- TASK REQUIREMENTS
For this exercise, write out the full listing that follows exactly and skip its pictures.

- GIVEN INFORMATION
***

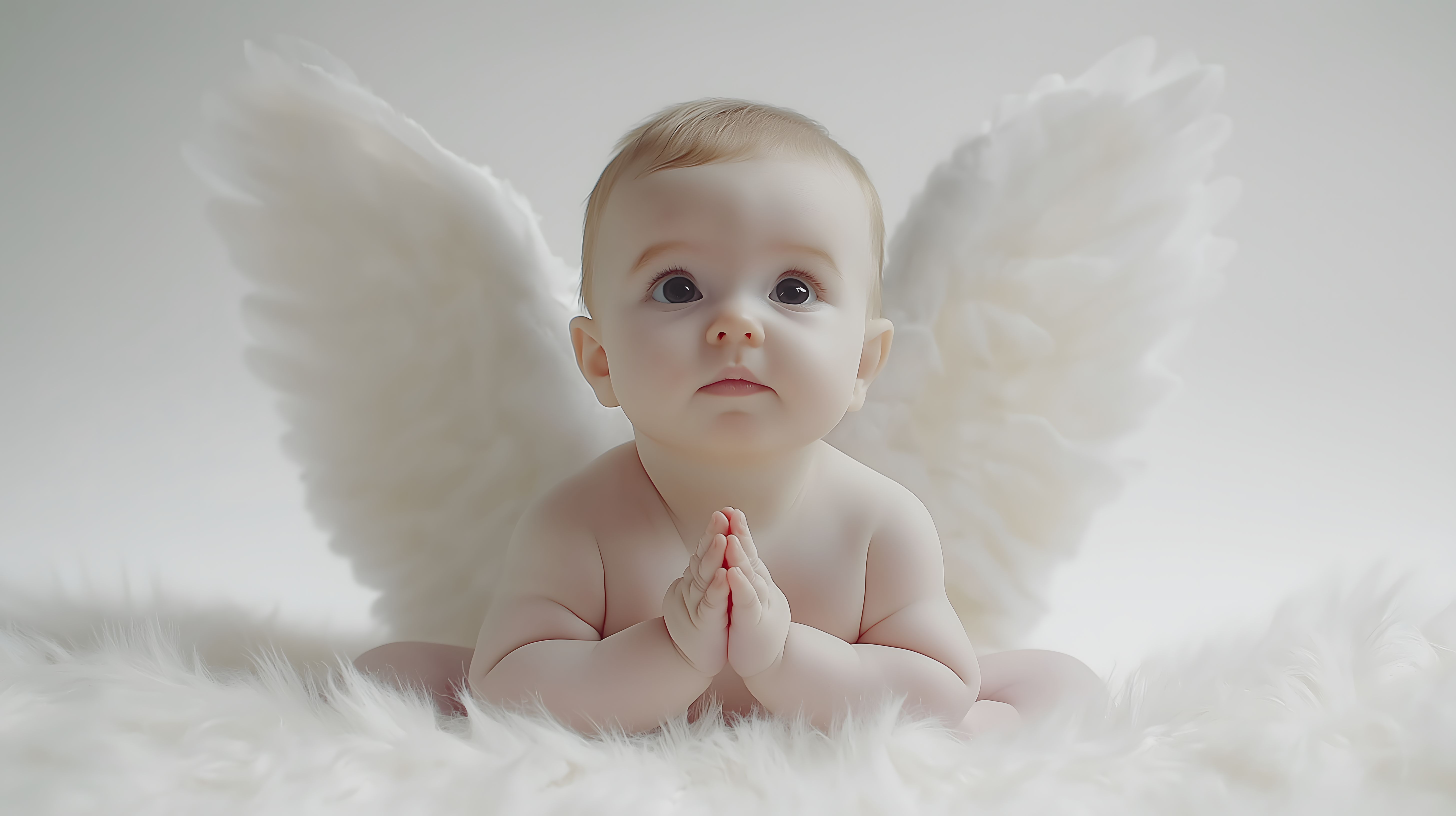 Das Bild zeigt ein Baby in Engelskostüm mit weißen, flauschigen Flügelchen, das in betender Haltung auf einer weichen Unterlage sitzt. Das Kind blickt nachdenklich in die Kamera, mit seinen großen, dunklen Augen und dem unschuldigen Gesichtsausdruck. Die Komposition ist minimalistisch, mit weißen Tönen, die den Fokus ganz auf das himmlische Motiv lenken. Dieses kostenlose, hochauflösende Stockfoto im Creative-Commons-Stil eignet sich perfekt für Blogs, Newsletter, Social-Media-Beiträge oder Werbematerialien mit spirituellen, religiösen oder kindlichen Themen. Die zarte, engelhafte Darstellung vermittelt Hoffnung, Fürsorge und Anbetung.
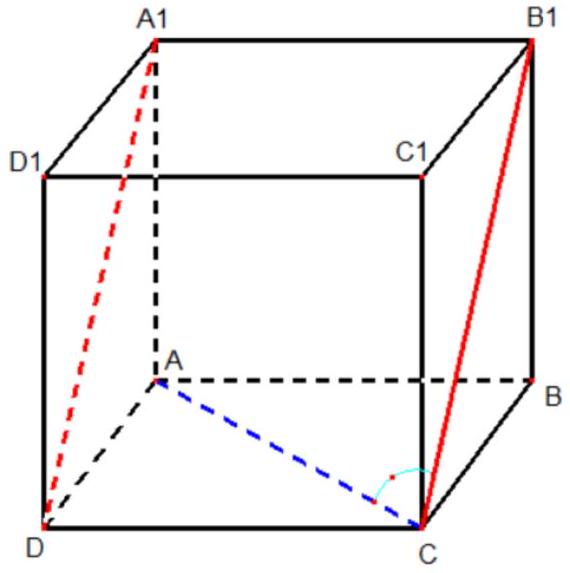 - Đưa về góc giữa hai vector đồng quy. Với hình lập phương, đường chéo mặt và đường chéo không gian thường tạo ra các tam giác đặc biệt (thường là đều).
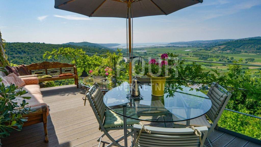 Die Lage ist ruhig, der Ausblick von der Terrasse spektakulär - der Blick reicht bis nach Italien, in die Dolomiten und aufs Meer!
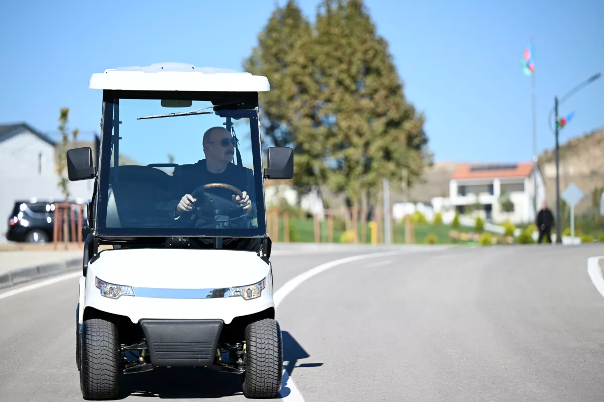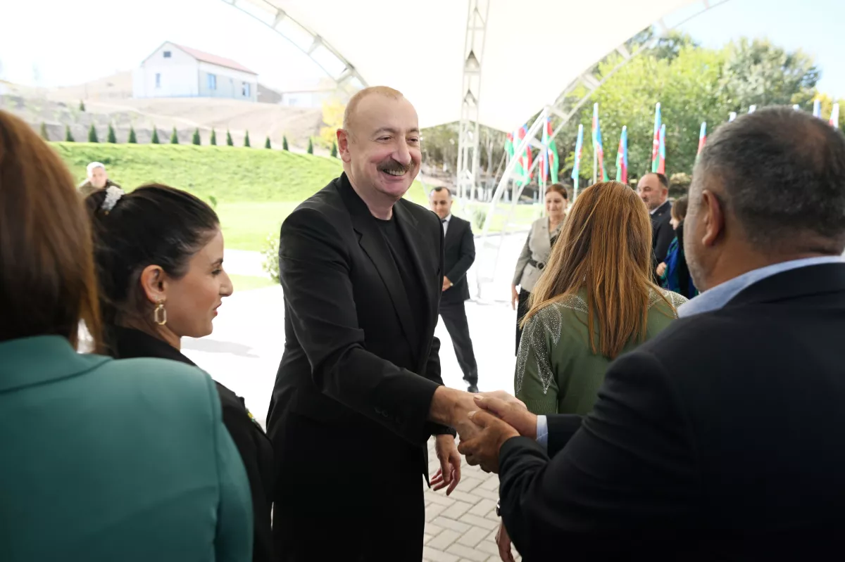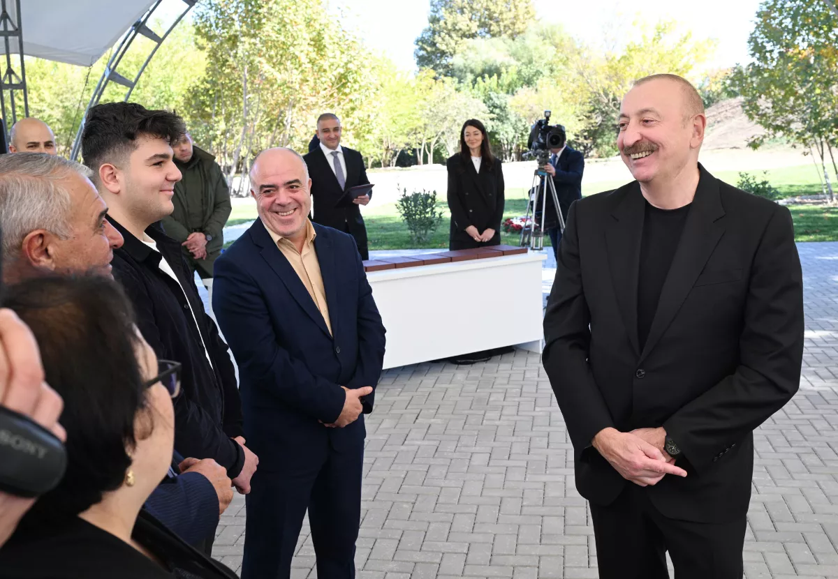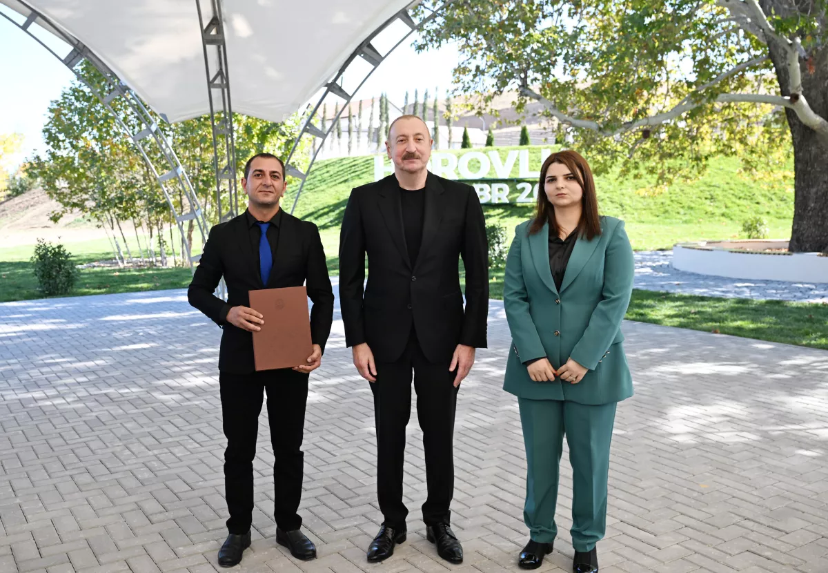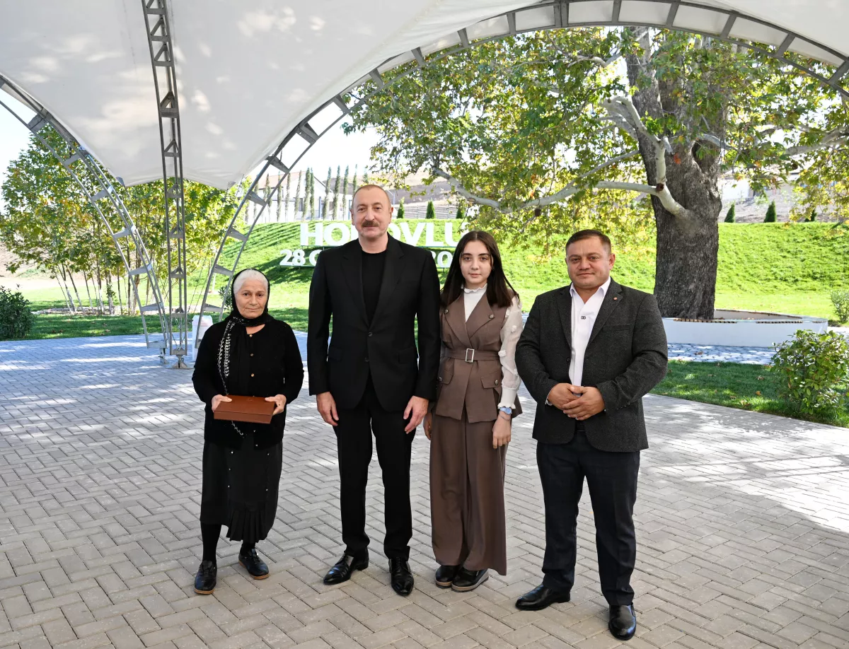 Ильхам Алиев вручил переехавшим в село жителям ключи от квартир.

***

- ANSWER
 Das Bild zeigt ein Baby in Engelskostüm mit weißen, flauschigen Flügelchen, das in betender Haltung auf einer weichen Unterlage sitzt. Das Kind blickt nachdenklich in die Kamera, mit seinen großen, dunklen Augen und dem unschuldigen Gesichtsausdruck. Die Komposition ist minimalistisch, mit weißen Tönen, die den Fokus ganz auf das himmlische Motiv lenken. Dieses kostenlose, hochauflösende Stockfoto im Creative-Commons-Stil eignet sich perfekt für Blogs, Newsletter, Social-Media-Beiträge oder Werbematerialien mit spirituellen, religiösen oder kindlichen Themen. Die zarte, engelhafte Darstellung vermittelt Hoffnung, Fürsorge und Anbetung.
 - Đưa về góc giữa hai vector đồng quy. Với hình lập phương, đường chéo mặt và đường chéo không gian thường tạo ra các tam giác đặc biệt (thường là đều).
 Die Lage ist ruhig, der Ausblick von der Terrasse spektakulär - der Blick reicht bis nach Italien, in die Dolomiten und aufs Meer!
 Ильхам Алиев вручил переехавшим в село жителям ключи от квартир.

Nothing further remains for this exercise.